元鶴竜の音羽山親方が照ノ富士に敬意「あの体でよくここまでやった」モンゴルの後輩にエール「指導に必ず役に立つ」
日本相撲協会が17日、横綱照ノ富士の引退、年寄承認を発表した。元横綱は引退後5年間は名跡も持たずにしこ名で親方になれるため、照ノ富士親方として協会に残る。同日午後に国技館内で引退会見が行われる。
これを受け、音羽山親方(元横綱鶴竜)が取材に応じ、モンゴルの後輩横綱について語った。
まずは「お疲れ様でしょう。あの体でよくここまでやったんじゃないですかね」と労った親方。「あれだけのケガがある中で、出てきたときは結果を出すというのは素晴らしいこと。

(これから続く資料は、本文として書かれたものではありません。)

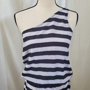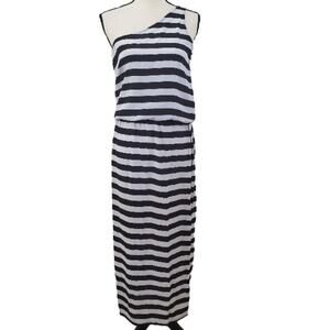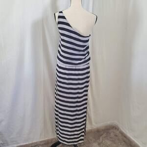 NWOT! Mikoh Striped 100% Silk One Shoulder Beach Maxi, Size 1 (S), Black and White, MSRP $200 Perfect for Beach and Casual Wear

足も腰もいろんなところをケガしながら、心折れてもいいくらいですけど、それを乗り越えて、あの地位から戻ってきて横綱にまで上がったわけですから。それは素晴らしいことですよ。なかなかできないです」と語った。
「だいたい、そこでみんな辞めていくと思うんです。辞めたいと言った本人を引き留めた親方もまた素晴らしいと思います。まだやれるっていうのを感じたんでしょうね」と横綱の師匠、伊勢ケ浜親方(元横綱旭富士)の心中を想像した。
初優勝を果たし15年夏場所後に大関昇進した照ノ富士を「上がって来た時は横綱になるなという勢いで、トントンと大関まで上がって。そこからケガが続いて。それまでだったら、すぐに横綱になる勢いがありましたよね」と述懐した。
そして「最初は体の大きさを生かして。相手に押されても下がらないし、素晴らしい相撲を取っていたと思いますけど、相手を受ける相撲というのが結局ケガにつながった。相手の力もモロに受けるというのは、それだけ危ないことなので」と評価した。
そして復帰後を「そこから変わりましたよね。前に前に出るっていう意識でね。足はどうしようもないので、上半身の筋肉を付けて。普通はダメだと思いますけど、あれだけのタッパがあったから、なんとかなったんだと思う。足が悪くて上半身だけ鍛えても、そこまではいかないと思います。あれだけのタッパがあったからこそ、上半身の力で、腰の状態をカバーできた。普通逆じゃないといけないんですけど。でもあのタッパが、懐の深さが武器になったという、これなら行けるぞっていう自信になったんじゃないですかね」と語った。
「やっぱり最初に上がったときと今の体まったく違いますからね。昔はちょっとあんこで、今は逆に肩周りとか必要な筋肉をつけてっていう感じになってますけどね」
この経験を生かした親方として「ケガして、落ちて、休んで。いろんなことを経験して、全てを経験している親方として、指導に当たっていけるんじゃないかな。これからの指導に必ず役に立つと思います」と締めくくった。
照ノ富士は大関からけがで序二段まで下がったものの、再び這い上がって横綱まで上り詰めた。この初場所では3場所ぶりに復帰したが、初日に小結若隆景、4日目に翔猿に敗れ、5日目の16日に右膝と腰の痛みで休場。優勝回数は10度。親方となる条件となる日本国籍は2021年8月に取得している。
照ノ富士は2日目の取組にはモンゴルの母、妻と長男を国技館に招き隆の勝から白星。「自分の中でやれることをやってダメだったら、という思いはあった。もう一回、今までの相撲をやってみたい思いだった。自分の全てを出し切りたい、後先考えずやりたいと思っていた」「今日はお母さん、奥さんと子供が見てくれた。勝っている相撲を見せられて良かった」と語っていた。
横綱在位は21場所。一人横綱だった照ノ富士の引退により、初場所後に新横綱が誕生しなければ1993年初場所以来、32年ぶりに横綱が空位になる。また、2003年春場所から務めた朝青龍以来のモンゴル出身横綱の系譜も中断することになる。
今場所では綱とりに琴桜(佐渡ケ嶽)、豊昇龍(立浪)の両大関が挑戦。琴桜は5日目までで1勝4敗と脱落。モンゴル出身の豊昇龍は4勝1敗と望みをつないでいる。
◆照ノ富士春雄(てるのふじ・はるお=本名杉野森正山)第73代横綱、伊勢ケ浜部屋。1991年11月29日生まれ。モンゴル・ウランバートル出身。鳥取城北高から間垣部屋に入門し、11年5月の技量審査場所初土俵。13年春場所後に転籍。初優勝の15年夏場所後に大関昇進。両膝のけがなどで19年春場所に序二段転落。再入幕の20年7月場所を制し、21年夏場所で大関復帰。日本国籍取得後の同年秋場所で新横綱。優勝10回。殊勲賞、敢闘賞、技能賞各3回。得意は右四つ、寄り。192センチ、176キロ。